» **Exercise requirements**
Omit all pictures. Print the remaining lines exactly, from the start of the data through the line containing "Singoalla Original är".

Source data
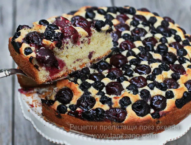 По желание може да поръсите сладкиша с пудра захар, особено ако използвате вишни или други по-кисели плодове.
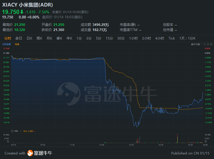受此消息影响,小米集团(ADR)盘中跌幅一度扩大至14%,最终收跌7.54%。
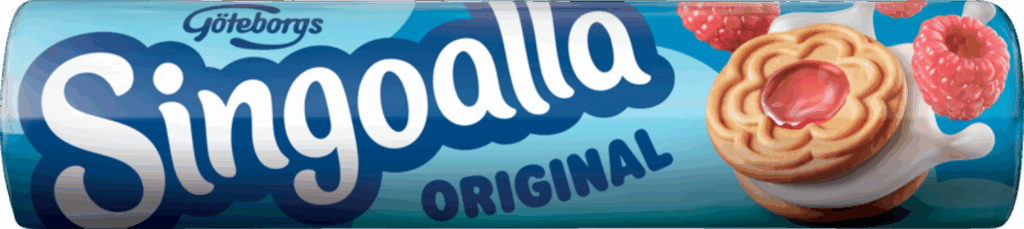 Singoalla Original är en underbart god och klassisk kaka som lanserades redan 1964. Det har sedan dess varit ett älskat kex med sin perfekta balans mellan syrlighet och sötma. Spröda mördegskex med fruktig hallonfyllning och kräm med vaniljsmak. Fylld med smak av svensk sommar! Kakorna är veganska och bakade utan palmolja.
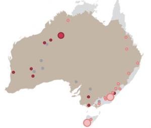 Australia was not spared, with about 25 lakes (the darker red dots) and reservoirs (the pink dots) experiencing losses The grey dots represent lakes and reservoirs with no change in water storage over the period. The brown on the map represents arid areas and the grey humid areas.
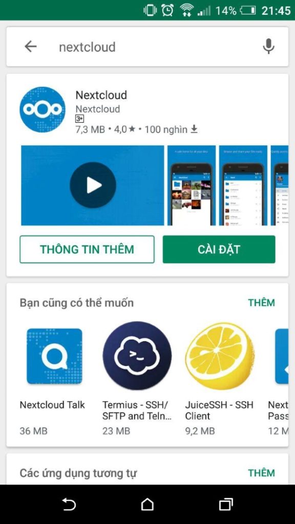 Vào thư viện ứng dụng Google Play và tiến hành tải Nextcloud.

» **Exercise answer**
 По желание може да поръсите сладкиша с пудра захар, особено ако използвате вишни или други по-кисели плодове.
受此消息影响,小米集团(ADR)盘中跌幅一度扩大至14%,最终收跌7.54%。
 Singoalla Original är en underbart god och klassisk kaka som lanserades redan 1964. Det har sedan dess varit ett älskat kex med sin perfekta balans mellan syrlighet och sötma. Spröda mördegskex med fruktig hallonfyllning och kräm med vaniljsmak. Fylld med smak av svensk sommar! Kakorna är veganska och bakade utan palmolja.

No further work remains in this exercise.